Deliveries of key US crude WTI to Europe are poised to fall in September, potentially supporting prices for regional grades, says an article published on their website.
Record WTI imports
WTI shipments to Europe hit a record 1.8mn b/d in July and are on track to exceed this in August — preliminary data from tracking and analytics firm Vortexa suggest August arrivals could surpass 1.9mn b/d.
But a streak of record WTI imports is expected to come to an end next month as arrivals tighten, particularly in the first half of that month, market participants say.
Higher WTI shipments destined for the Asia-Pacific market are partly behind the expected decline next month. Asia-Pacific refiners have bought more WTI cargoes loading in September, most likely in reaction to higher prices for sour Abu Dhabi grade Murban.
Saudi Arabia’s decision to extend its unilateral production cuts into September has boosted competition for alternative Mideast Gulf supplies, including Murban. The higher Asia-Pacific demand has essentially reduced the amount of WTI available to European buyers, while the arbitrage to ship US crude to Europe has also been less favourable in recent weeks, according to market participants.
Another factor behind the drop in WTI imports — in early September, at least — is the impact of market structure in sellers’ decisions on which crudes to supply to meet North Sea forward crude commitments. Forward crude markets have become steeply backwardated, whereby prompt values hold firm premiums to forward prices. In the North Sea, sellers have less incentive to deliver cargoes in early September to settle forward market commitments.
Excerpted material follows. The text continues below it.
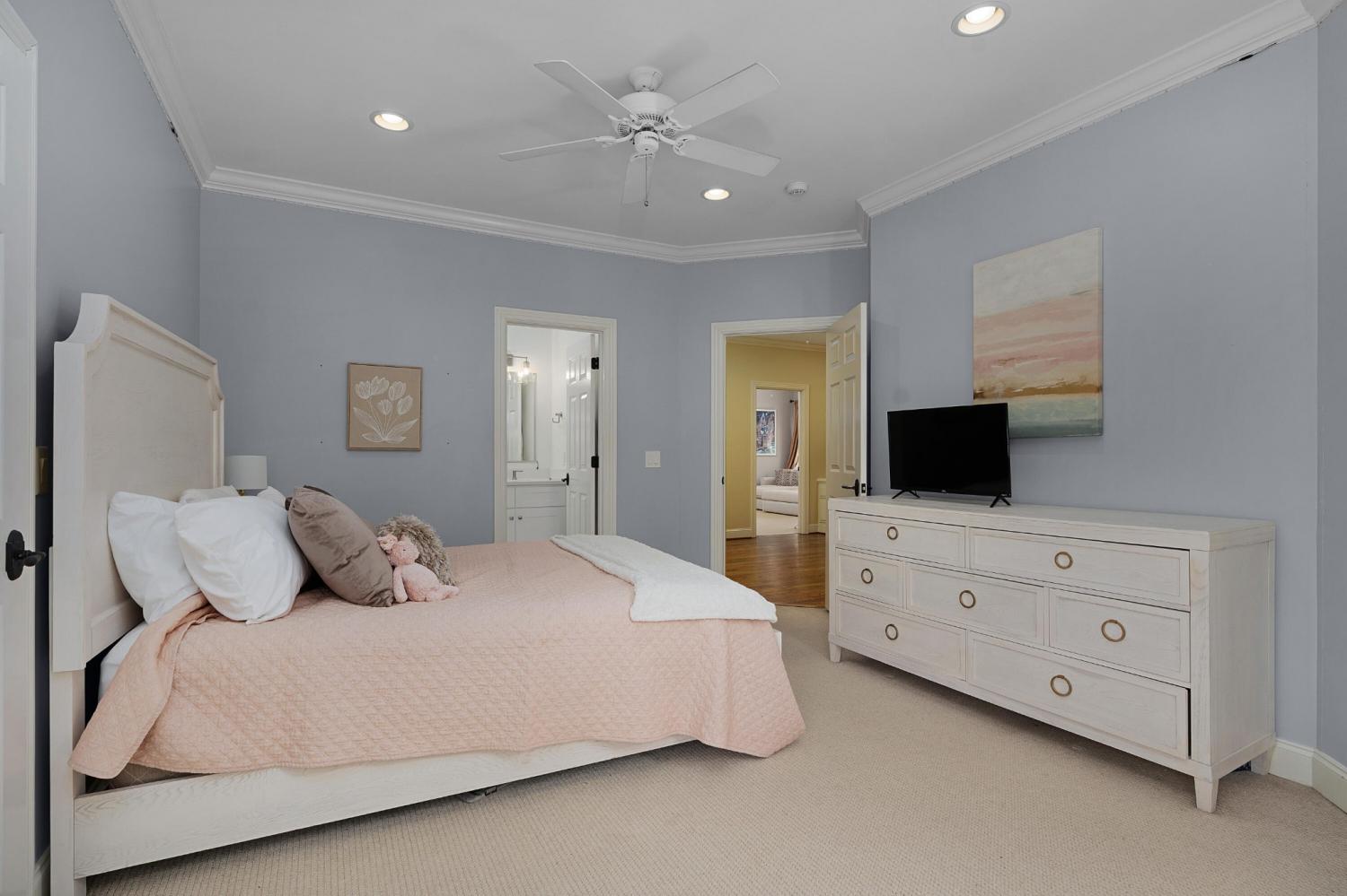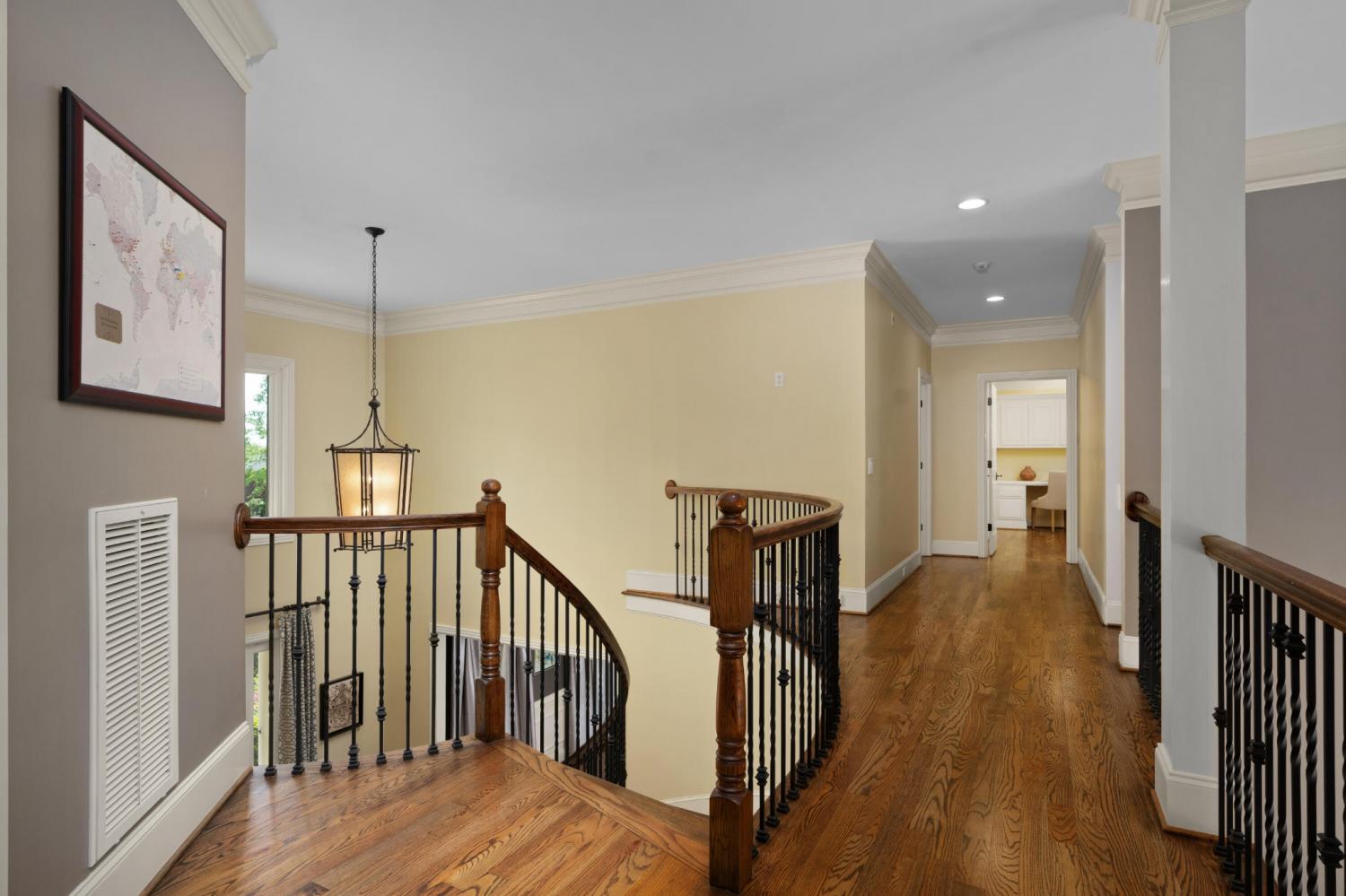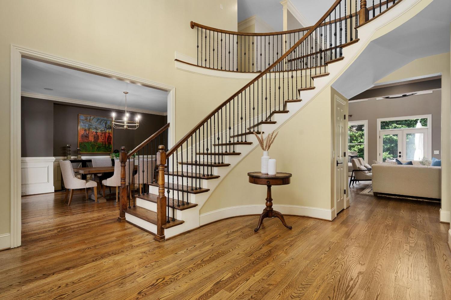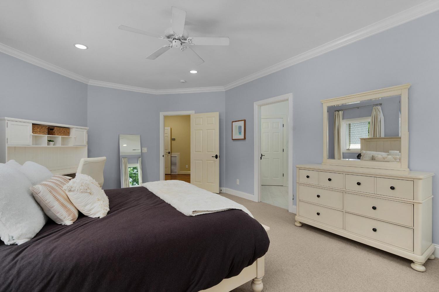 All brick 4 bedroom, 4.5 bath home in the The Enclave At Riverview neighborhood just minutes from schools, parks, hospitals, the Chattanooga Golf and Country Club, the shopping and restaurants of the North Shore and Hixson, as well as downtown Chattanooga. This well-designed home boasts a great floor plan with both formal and informal living spaces, an open living concept, the primary suite on the main, a 3-car garage, fantastic outdoor living spaces and a level, fenced back yard. You will also love the quality finishes, including the hardwood floors, crown moldings, decorative and recessed lighting, stone countertops, 2 gas fireplaces inside and a wood burning one outside, 2 staircases, 2 ice makers and coveted closet systems. Your tour begins with entry from the covered front porch to a nice foyer with a sweeping staircase, powder room and enlarged doorway to the dining room. The great room is straight ahead and has a 2-story ceiling, one of the gas fireplaces, a dry bar with ice maker and beverage fridge and French doors to the expansive rear composite deck. The heart of the home is the kitchen which is open to the breakfast and the keeping rooms. The kitchen has a center island, level dining bar, tile backsplash, soft-close cabinetry, a walk-in pantry and stainless appliances, including a gas cooktop and convection double wall oven, with the garage and laundry room just steps away. The breakfast area has access to the covered patio, and the keeping room has the 2nd gas fireplace and will quickly become a favorite spot in the house. The covered back patio faces the outdoor fireplace, while the built-in grilling station is on the other side of the deck with room to dine, gather and entertain in-between. The primary bedroom is a retreat unto itself with a vaulted ceiling, sitting area and double doors to the primary bath with separate vanities, a jetted tub, a center shower with tile and glass and two walk-in closets.
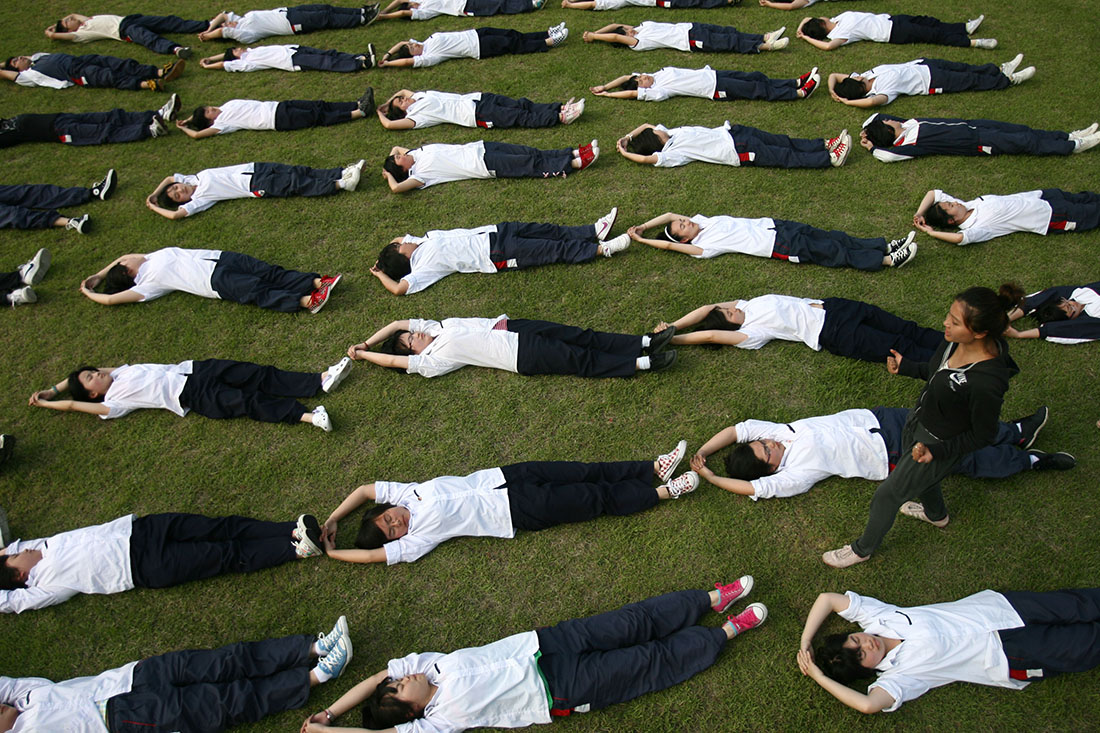 Students perform yoga ahead of Gaokao at a school in Ningbo, Zhejiang Province on June 1, 2010.Photo: VCG figcaption >

Contract for difference (CfD) markets show early-September cargo values averaging 70¢/bl above the market for the end of that month. Typically, delivering true North Sea cargoes into forward chains has been restricted by their loading dates. But WTI has no loading schedules, meaning sellers can withhold deliveries until later in the month if it lowers the value of what they need to source.
The extent to which WTI shipments to Europe could drop is difficult to gauge. Tracking data have yet to provide a clear picture of September arrivals. But the anticipated decline is expected to provide some support to North Sea prices.
WTI imports have been capping prices for light sweet grades in northwest Europe since US arrivals in the region surged in March. If WTI flows to Europe fall and its value increases, this would boost demand for local grades of a similar quality.
Other benchmark grades
The drop in the amount of WTI in the region could also buoy the value of Atlantic basin benchmark North Sea Dated.
WTI has set the price of North Sea Dated in 40 of the 78 sessions since it became the sixth grade in the basket of crudes underpinning the marker, as the cheapest of those grades. If WTI’s value increases and the other benchmark grades follow suit, the price of North Sea Dated would also move up.
Regional sour crudes
Reduced WTI flows to Europe would also support heavier North Sea grades, including Norwegian medium sour Johan Sverdrup. The easy availability of cheaper WTI cargoes prompted European refiners to switch to a sweeter feedstock slate this summer, hitting demand for regional sour crudes ― Johan Sverdrup lost more than $3/bl relative to North Sea Dated over the course of about a month. But this dynamic is expected to reverse in September.
Higher imports from other regions, such as west Africa, could partially offset the decline in WTI arrivals, market participants say. West African crude — Nigerian light and medium grades, in particular — has enjoyed firm demand from European buyers in the past few weeks.